[DESCRIPTION OF THE TASK]: Take the line with "Villa Valente is a" and every line after it, through the end of the listing, and give them again exactly, pictures excluded.

[GIVEN INFORMATION]:
*** Block opens ***

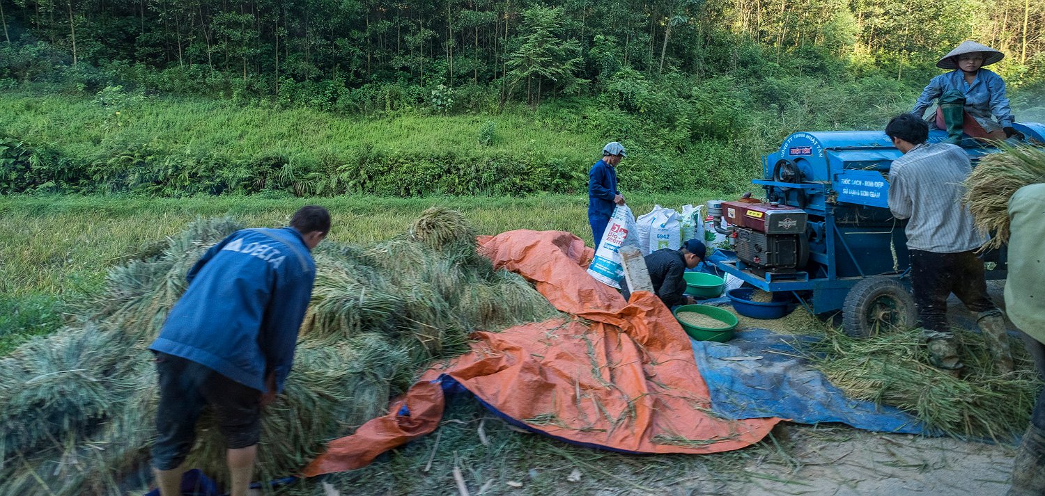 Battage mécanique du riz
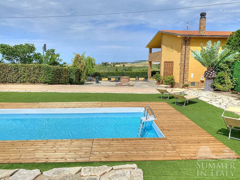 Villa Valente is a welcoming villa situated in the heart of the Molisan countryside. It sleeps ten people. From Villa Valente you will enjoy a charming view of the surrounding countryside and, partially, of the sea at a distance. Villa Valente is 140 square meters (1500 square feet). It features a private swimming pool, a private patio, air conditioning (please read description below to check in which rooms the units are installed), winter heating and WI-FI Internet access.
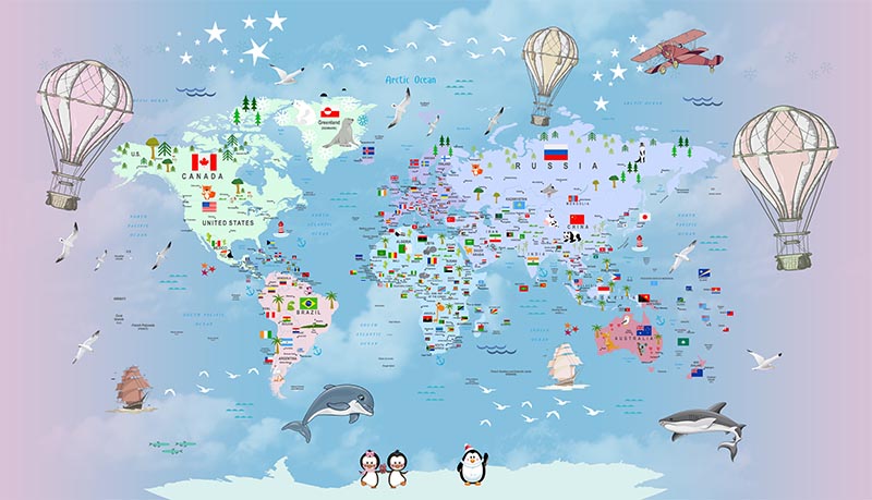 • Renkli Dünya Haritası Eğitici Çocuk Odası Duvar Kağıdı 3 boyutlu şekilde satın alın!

*** Block closes ***

[EXERCISE OUTPUT]:
 Villa Valente is a welcoming villa situated in the heart of the Molisan countryside. It sleeps ten people. From Villa Valente you will enjoy a charming view of the surrounding countryside and, partially, of the sea at a distance. Villa Valente is 140 square meters (1500 square feet). It features a private swimming pool, a private patio, air conditioning (please read description below to check in which rooms the units are installed), winter heating and WI-FI Internet access.
 • Renkli Dünya Haritası Eğitici Çocuk Odası Duvar Kağıdı 3 boyutlu şekilde satın alın!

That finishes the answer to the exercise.